Baku has criticized Armenian Prime Minister Nikol Pashinian over his latest statement concerning the future status of Nagorno-Karabakh, a breakaway region disputed by Armenia and Azerbaijan.
Azerbaijani Foreign Ministry spokesman Hikmat Haciyev said on September 9 that Pashinian's remarks at a meeting with ethnic Armenian businessmen in Moscow could damage international efforts to resolve the decades-old dispute over the region.
Pashinian said at the meeting a day earlier that he saw Nagorno-Karabakh as "part of Armenia" in the future.
"The path toward this status may consist of more steps than one. It may consist of two or three steps, but our vision of the future is definitely this. And there can be no doubt about that," Pashinian said.
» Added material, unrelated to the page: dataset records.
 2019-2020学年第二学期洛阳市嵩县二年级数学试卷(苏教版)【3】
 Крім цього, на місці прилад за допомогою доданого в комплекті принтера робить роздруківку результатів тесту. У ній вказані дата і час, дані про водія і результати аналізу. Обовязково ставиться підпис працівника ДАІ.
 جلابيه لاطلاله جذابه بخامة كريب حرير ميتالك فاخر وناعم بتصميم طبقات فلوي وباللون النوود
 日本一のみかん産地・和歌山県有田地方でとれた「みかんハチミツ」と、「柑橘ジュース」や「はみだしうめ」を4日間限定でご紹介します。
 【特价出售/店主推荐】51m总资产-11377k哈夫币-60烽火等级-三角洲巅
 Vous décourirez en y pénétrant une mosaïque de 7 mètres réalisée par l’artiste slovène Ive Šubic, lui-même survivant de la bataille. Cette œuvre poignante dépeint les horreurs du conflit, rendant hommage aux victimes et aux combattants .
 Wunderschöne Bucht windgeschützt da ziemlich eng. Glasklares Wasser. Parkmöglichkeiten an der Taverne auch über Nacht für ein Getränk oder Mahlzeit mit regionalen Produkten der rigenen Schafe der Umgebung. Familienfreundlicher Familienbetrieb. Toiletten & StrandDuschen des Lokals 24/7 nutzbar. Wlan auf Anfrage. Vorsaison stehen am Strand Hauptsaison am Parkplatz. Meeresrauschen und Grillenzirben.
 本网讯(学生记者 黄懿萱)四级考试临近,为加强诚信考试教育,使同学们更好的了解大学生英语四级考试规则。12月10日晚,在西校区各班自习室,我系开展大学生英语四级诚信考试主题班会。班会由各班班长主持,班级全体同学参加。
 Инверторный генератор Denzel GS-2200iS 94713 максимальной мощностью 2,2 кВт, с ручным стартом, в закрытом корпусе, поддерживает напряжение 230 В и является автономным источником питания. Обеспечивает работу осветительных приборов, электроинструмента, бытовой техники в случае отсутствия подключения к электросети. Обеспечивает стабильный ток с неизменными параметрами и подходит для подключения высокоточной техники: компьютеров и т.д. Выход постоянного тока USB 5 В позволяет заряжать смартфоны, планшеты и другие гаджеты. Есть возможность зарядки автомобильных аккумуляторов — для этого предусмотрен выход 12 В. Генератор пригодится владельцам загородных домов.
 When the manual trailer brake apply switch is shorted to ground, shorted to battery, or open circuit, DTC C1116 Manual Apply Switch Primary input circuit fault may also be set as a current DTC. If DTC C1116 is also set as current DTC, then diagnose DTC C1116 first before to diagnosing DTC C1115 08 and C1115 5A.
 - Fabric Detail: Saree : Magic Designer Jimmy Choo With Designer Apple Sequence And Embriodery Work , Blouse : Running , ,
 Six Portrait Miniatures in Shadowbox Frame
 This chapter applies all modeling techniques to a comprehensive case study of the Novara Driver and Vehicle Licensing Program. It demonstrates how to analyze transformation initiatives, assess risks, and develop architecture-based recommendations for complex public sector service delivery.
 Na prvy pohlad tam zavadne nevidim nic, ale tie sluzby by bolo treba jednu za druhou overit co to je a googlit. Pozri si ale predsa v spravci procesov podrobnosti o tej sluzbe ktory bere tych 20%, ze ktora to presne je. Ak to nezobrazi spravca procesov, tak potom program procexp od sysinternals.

Haciyev accused Armenia's leadership of stoking tensions ahead of a planned meeting between the two countries' foreign ministers at the UN General Assembly in New York later this month.
"We would like to reiterate that Armenia and its leadership bear all responsibility for escalation of [the] situation with such incendiary statements," Haciyev said on Twitter.
Nagorno-Karabakh, which is populated mainly by ethnic Armenians, declared independence from Azerbaijan amid a 1988-94 war that claimed an estimated 30,000 lives and displaced hundreds of thousands of people.
Since 1994, it has been under the control of ethnic Armenian forces that Baku says include troops supplied by Armenia. The region's claim to independence has not been recognized by any country.
Internationally mediated negotiations involving the OSCE's Minsk Group helped forge a cease-fire in the region, which is not always honored, but have failed to produce a lasting settlement of the conflict.